Families have more net worth today than they did before the pandemic. Fewer families are behind on their mortgages, their credit card bills than they were before the pandemic. […]
More Americans have health insurance than before the pandemic.
And we’re doing everything we can to give folks just a bit — as my dad would say, just a little bit of breathing room.
After reviewing the healthcare savings in the Inflation Reduction Act — negotiated lower drug prices for Medicare, an annual $2,000 cap on out-of-pocket prescriptions for Medicare that starts next year, and the capping of Medicare co-pays for insulin at just $35 a month — Biden went on to note that for all Republicans’ rhetoric about the dangers of debts and deficits, the federal budget deficit actually fell by $1.4 trillion this year, and that the tax measures in the IRA are projected to further cut the deficit by another $250 billion in the coming decade.
Biden then warned that all those benefits and more would be wiped away if Republicans retake control of the government, noting House Minority Leader Kevin McCarthy’s vow to gut the Inflation Reduction Act.
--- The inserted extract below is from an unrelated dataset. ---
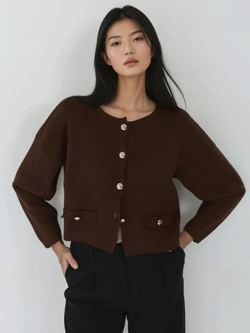 MY FASHION Pocket Detailed Knit Cardigan with Button Closure

Pointing out that Republicans have basically given up on having an actual platform, Biden said the GOP nonetheless has committed to getting rid of the prescription drug cap, the insulin savings, the negotiated drug prices, and for that matter the $800 per year in savings on insurance premiums for folks using Obamacare.
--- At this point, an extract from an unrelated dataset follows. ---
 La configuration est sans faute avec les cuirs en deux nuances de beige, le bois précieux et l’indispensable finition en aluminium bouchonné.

On top of that, he said, Republicans still want to repeal Obamacare and return us to the days of people losing their insurance for having pre-existing medical conditions.
Worse, Biden said, Republicans have already committed to cutting Social Security and Medicare.
Now it sounds like, you know, “What’s — there’s Biden. That’s a typical Democrat saying Republicans are after Social Security.” This is the one thing they’ve said out loud. (Laughter.) They’ve written it down on pieces of paper.
Somewhere, the Washington Post’s Glenn Kessler turned on his computer to write another “fact check” complaining that just because Republicans talk about policies that will endanger Social Security and Medicare, it’s somehow not a “plan” — besides, they say they don’t intend to eliminate either!
Biden closed with another upbeat assessment of US manufacturing, noting that whenever he talks to business interests, they agree that when the federal government invests in new tech and manufacturing — as with the CHIPS Act, and the IRA’s investments in clean energy — industry follows, and it’s good for both the economy and for national security.
And it creates jobs, and it creates industries. It demonstrates we’re all in this together. And that’s what today is all about. I’ve never — and I mean it sincerely — I’ve never been more optimistic in my life about America’s future. I mean it sincerely.
As a closing argument for the midterms, it was a pretty good speech. Time to get to work and keep the progress going, huh?